L Wang1, N P Murphy, A Stengel, M Goebel-Stengel, D H St Pierre, N T Maidment, Y Taché.   

Abstract

BACKGROUND: Levodopa (L-dopa) is the most commonly used treatment for alleviating symptoms of Parkinson's disease. However, L-dopa delays gastric emptying, which dampens its absorption. We investigated whether ghrelin prevents L-dopa action on gastric emptying and enhances circulating L-dopa in rats.
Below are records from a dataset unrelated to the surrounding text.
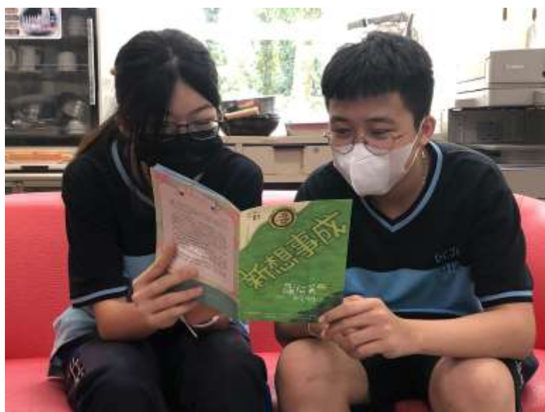
學生閱讀蒲公英月刊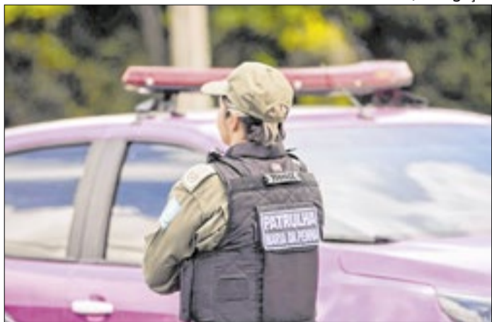
Atendimento on-line funciona desde dezembro de 2025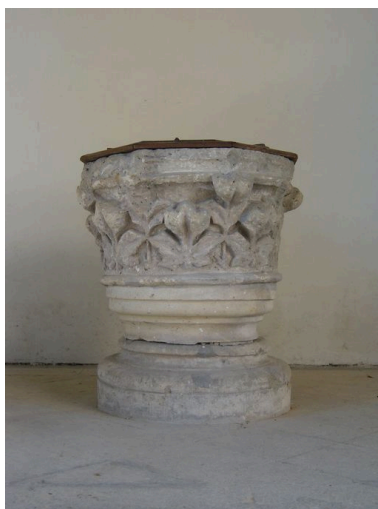
Vue des fonts baptismaux. IVR22_20030202856NUCA

METHODS: Gastric emptying of non-nutrient methylcellulose/phenol red viscous solution was determined in fasted rats treated with orogastric or intraperitoneal (i.p.) L-dopa, or intravenous (i.v.) ghrelin 10 min before orogastric L-dopa. Plasma L-dopa and dopamine levels were determined by high pressure liquid chromatography. Plasma acyl ghrelin levels were assessed by radioimmunoassay. Fos expression in the brain was immunostained after i.v. ghrelin (30 μg kg(-1)) 10 min before i.p. L-dopa. KEY
RESULTS: Levodopa (5 and 15 mg kg(-1)) decreased significantly gastric emptying by 32% and 62%, respectively, when administered orally, and by 91% and 83% when injected i.p. Ghrelin (30 or 100 μg kg(-1), i.v.) completely prevented L-dopa's (15 mg kg(-1), orogastrically) inhibitory action on gastric emptying and enhanced plasma L-dopa and dopamine levels compared with vehicle 15 min after orogastric L-dopa. Levodopa (5 mg kg(-1)) did not modify plasma acyl ghrelin levels at 30 min, 1, and 2 h after i.v. injection. Levodopa (15 mg kg(-1), i.p.) induced Fos in brain autonomic centers, which was not modified by i.v. ghrelin. CONCLUSIONS & INFERENCES: Ghrelin counteracts L-dopa-induced delayed gastric emptying but not Fos induction in the brain and enhances circulating L-dopa levels. Potential therapeutic benefits of ghrelin agonists in Parkinson's disease patients treated with L-dopa remain to be investigated.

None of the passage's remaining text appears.